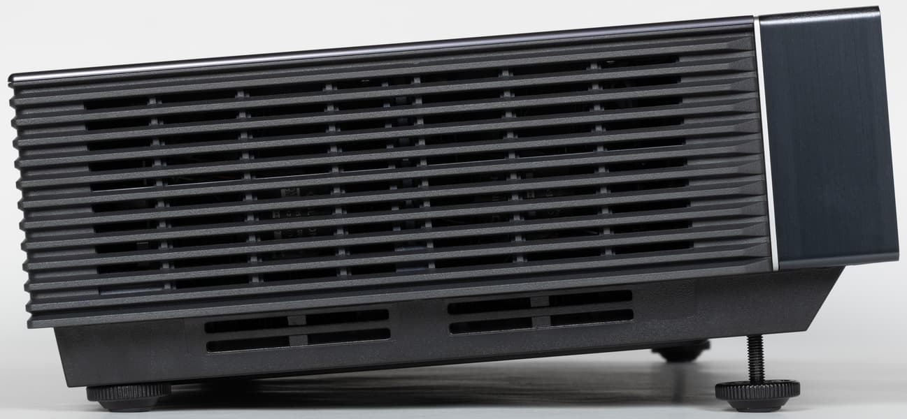 Дизайн строгий. Декоративные элементы в явном виде отсутствуют. Корпус проектора в основном изготовлен из пластика с полуматовой черной или темно-темно-серой поверхностью. На верхней панели есть накладка из алюминиевого сплава с анодированной поверхностью.
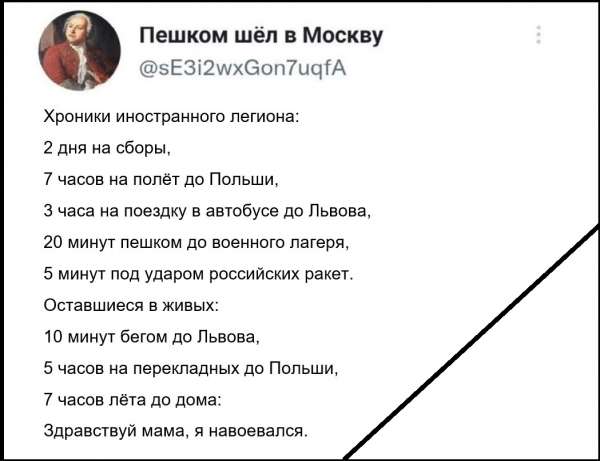 Порадовали наёмники, слетевшиеся со всего мира на лёгкое сафари, подразумевающее безнаказанную охоту за беззащитными русскими: ужас в глазах, слёзы от увиденного, сопли от прочувствованного – нет более прекрасного и красноречивого свидетельства мощи армии, с которой этим псам войны никогда и нигде до сих пор не приходилось сталкиваться.
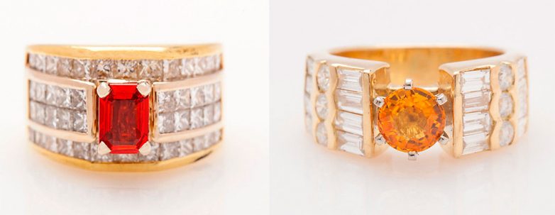 Настоящие и красивейшие падпараджи лучше всего искать в ювелирных коллекциях мировых брендов – Cartier, Chanel. Для падпараджей лучшей оправой могут быть благородные металлы: белое и розовое золото, платина. Кристаллы сочетают с бриллиантами и натуральным жемчугом.
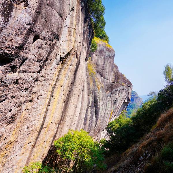 虎啸岩位于二曲溪南,在玉女峰和一线天的中间,是武夷山的南线知名景点之一,“虎溪灵洞”4个大字高勒于岩上。“虎啸”之说,来自岩上的一个巨洞,传说风穿过洞口,便发出怒吼,如同虎啸,所以叫做虎啸岩。虎啸岩一般都和一线天放一起游玩,从一线天出来后就是虎啸岩。它是整个武夷山景区中可与天游峰的陡峭惊险程度一较高下的地方,但登高后的美景也会让你觉得不虚此行。虎啸岩的景点有好汉坡,听名字就可想而知的难走。确实,走上去会有点累,岩阶旁边就是悬崖,台阶又比较窄,在人多的时候不太好停下休息,需要一直往前。虎啸岩的终点是定命桥,但这不是高点,离定命桥不远有一处观景台,是虎啸岩眺望山川视野好的地方,可以看到武夷三十六峰的面貌。另外,说到虎啸岩一般都会想到的虎啸八景,不妨寻找一下,不过现在已经很难找全了。下虎啸处还有景点天成禅院,就位于虎啸岩的崖下,深山藏古寺的感觉还是很好的,可以一同游览。
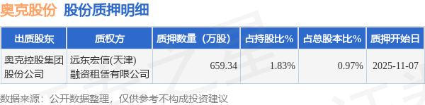 证券之星消息,奥克股份(300082)11月10日公开信息显示,股东奥克控股集团股份公司向远东宏信(天津)融资租赁有限公司合计质押659.34万股,占总股本0.97%。质押详情见下表:
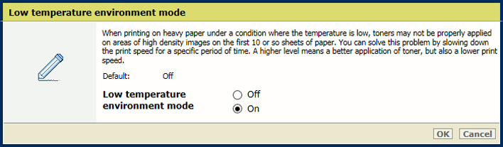 Włącz ustawienie [Tryb niskiej temperatury otoczenia] w celu polepszenia jakości druku zadań wykonywanych na ciężkim papierze, ale kosztem utraty szybkości drukowania.
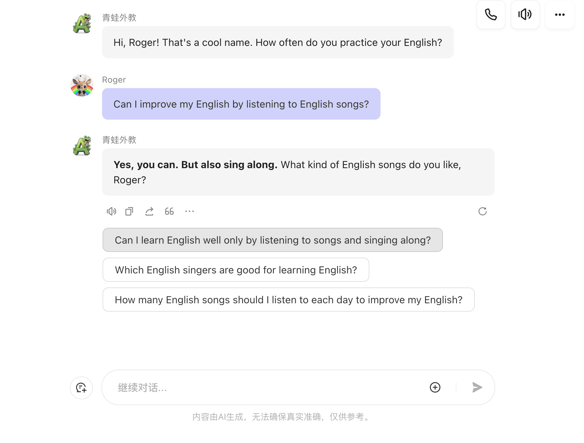 AI 语言学习平台,通过对话练习普通话。。

================================

Your goal
Output the whole listing without change. Any picture is to be left out.

Answer area
 Дизайн строгий. Декоративные элементы в явном виде отсутствуют. Корпус проектора в основном изготовлен из пластика с полуматовой черной или темно-темно-серой поверхностью. На верхней панели есть накладка из алюминиевого сплава с анодированной поверхностью.
 Порадовали наёмники, слетевшиеся со всего мира на лёгкое сафари, подразумевающее безнаказанную охоту за беззащитными русскими: ужас в глазах, слёзы от увиденного, сопли от прочувствованного – нет более прекрасного и красноречивого свидетельства мощи армии, с которой этим псам войны никогда и нигде до сих пор не приходилось сталкиваться.
 Настоящие и красивейшие падпараджи лучше всего искать в ювелирных коллекциях мировых брендов – Cartier, Chanel. Для падпараджей лучшей оправой могут быть благородные металлы: белое и розовое золото, платина. Кристаллы сочетают с бриллиантами и натуральным жемчугом.
 虎啸岩位于二曲溪南,在玉女峰和一线天的中间,是武夷山的南线知名景点之一,“虎溪灵洞”4个大字高勒于岩上。“虎啸”之说,来自岩上的一个巨洞,传说风穿过洞口,便发出怒吼,如同虎啸,所以叫做虎啸岩。虎啸岩一般都和一线天放一起游玩,从一线天出来后就是虎啸岩。它是整个武夷山景区中可与天游峰的陡峭惊险程度一较高下的地方,但登高后的美景也会让你觉得不虚此行。虎啸岩的景点有好汉坡,听名字就可想而知的难走。确实,走上去会有点累,岩阶旁边就是悬崖,台阶又比较窄,在人多的时候不太好停下休息,需要一直往前。虎啸岩的终点是定命桥,但这不是高点,离定命桥不远有一处观景台,是虎啸岩眺望山川视野好的地方,可以看到武夷三十六峰的面貌。另外,说到虎啸岩一般都会想到的虎啸八景,不妨寻找一下,不过现在已经很难找全了。下虎啸处还有景点天成禅院,就位于虎啸岩的崖下,深山藏古寺的感觉还是很好的,可以一同游览。
 证券之星消息,奥克股份(300082)11月10日公开信息显示,股东奥克控股集团股份公司向远东宏信(天津)融资租赁有限公司合计质押659.34万股,占总股本0.97%。质押详情见下表:
 Włącz ustawienie [Tryb niskiej temperatury otoczenia] w celu polepszenia jakości druku zadań wykonywanych na ciężkim papierze, ale kosztem utraty szybkości drukowania.
 AI 语言学习平台,通过对话练习普通话。。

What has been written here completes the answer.